What I have wrote is wholy my own invetion And all founded on truth the words that others spoke are mostly put down in my jornal when any other person is included my familys letters would show that in my relation of things I built on truth and a foundation for every line there put down I often veiwed my case almost like one cast upon an Iland and having no hope unless by chance some Vessal would light my way and now I am in hopes the Vessel is come and have an Anxiety that thousands of my fellow creatures scattered over this American Island may have a passage as well as myself My poetry some may think has too many lines on religion Mixed through it but they ware the natural reflections that flowed on my mind for I composed most poetry when under the most pain which was for six or seven months and often was dredfull to bear as pr Jornal Docter Tates pills are easy taken outward application but seldom not much to suffer and in the corse of some months the Cancer rots and generally falls out then runs for some time and in Sex eight ten and twelve months the constitution is clear of the complaint D Tate says it is a constitutional disorder works like the Veneral disease that will kill if not cured at some time or other and he has found the means to purge it away if they are not too farr gon in the compl mine was in my head to the bone round the corner of eye ¾ of Inch betwixt eye and nose part of both upper and under eye lids ware eate away when I came to Tate could for some months after my Cancer fell out blow aire out of the wound at corner of eye and in one place the Docter said there wase hole through scull bone but whether or not I cannot assert positively but I know the hole was deep and some persons almost fainted to look at me all is healed now but a small hole between nose and corner of eye Otherwise I am healthy active and lively as almost any of my age could expect   from a Countryman of yours confined in this citty and humbly submit this for your consideration and if no more is to be don please to return my papers by post if you pay any postage write to me and I will [. . .] it. With confidence yours &c.

James Houston

RC (MHi); torn; addressed: “Thos Jefferson President US Washington”; franked and postmarked; endorsed by TJ as received 9 Feb. and so recorded in SJL. Enclosure: see below.
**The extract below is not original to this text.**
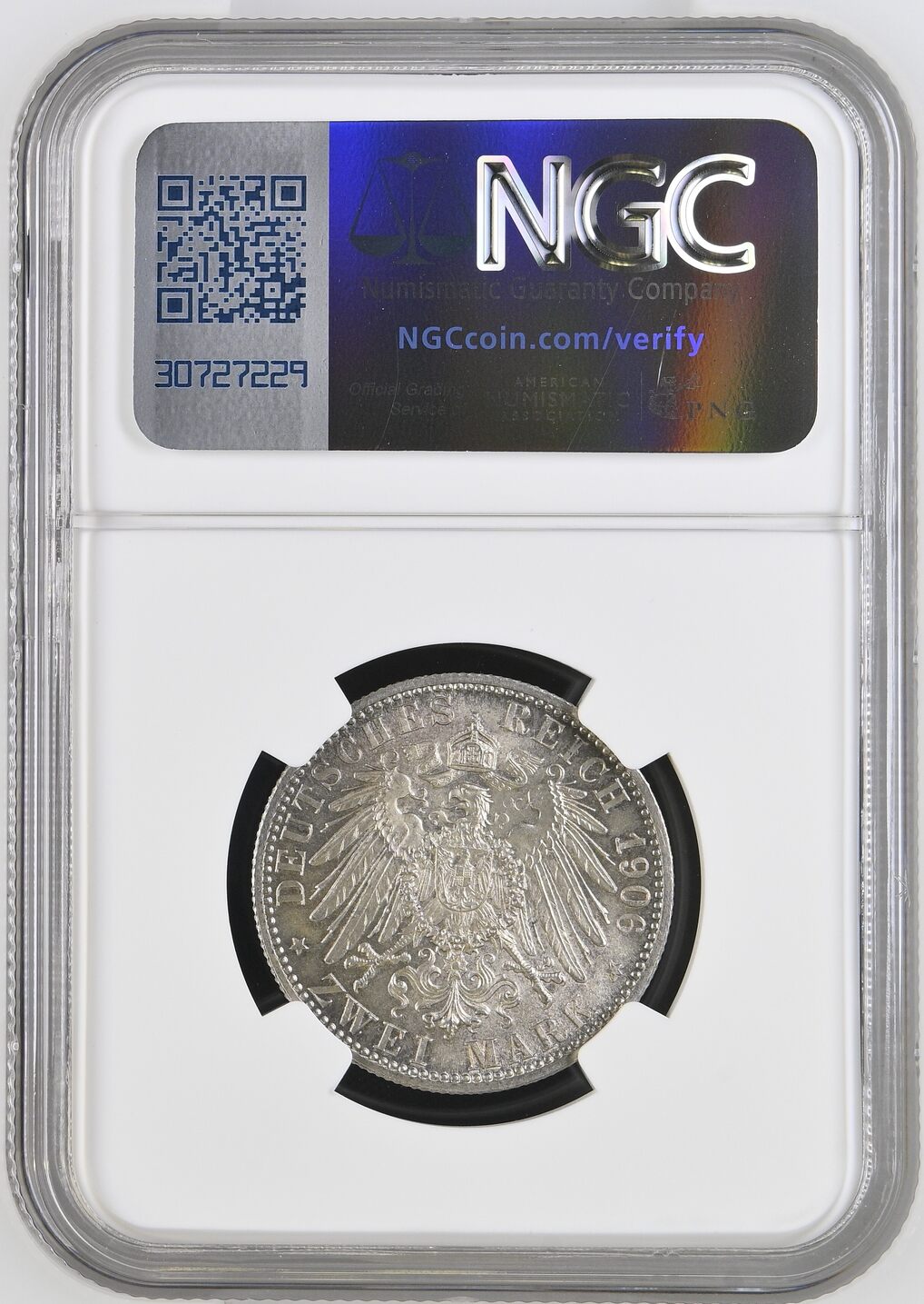 Německo Baden 2 Marka 1906 Karlsruhe 50let svatbyFRIDRICH I. a Luisa J#34 2017025 NGC MS64!!

In a narrative written to accompany the poetic journal that described his medical history, James Houston identified his age as 52 when he began composing the journal. He had suffered from symptoms of cancer since 1789. He may have been the individual of that name who paid taxes in Rockbridge County on a slave, six horses, and 12 head of cattle in 1782 (James Houston, A Plan for the Ladies Fund, in the United States of America, for the Relief of Those Afflicted with Cancers [Philadelphia, 1804], 12-13; Oren F. Morton, A History of Rockbridge County Virginia [Staunton, Va., 1920], 373).

presenting the inclosed: Houston evidently was sharing a version of the journal cited above. Written in verse, it chronicled Houston’s ordeal with cancer. Houston had it published about a month later, along with a plan for raising funds to purchase and make public the methods that he believed had cured him (Houston, Plan for the Ladies Fund, 17-19).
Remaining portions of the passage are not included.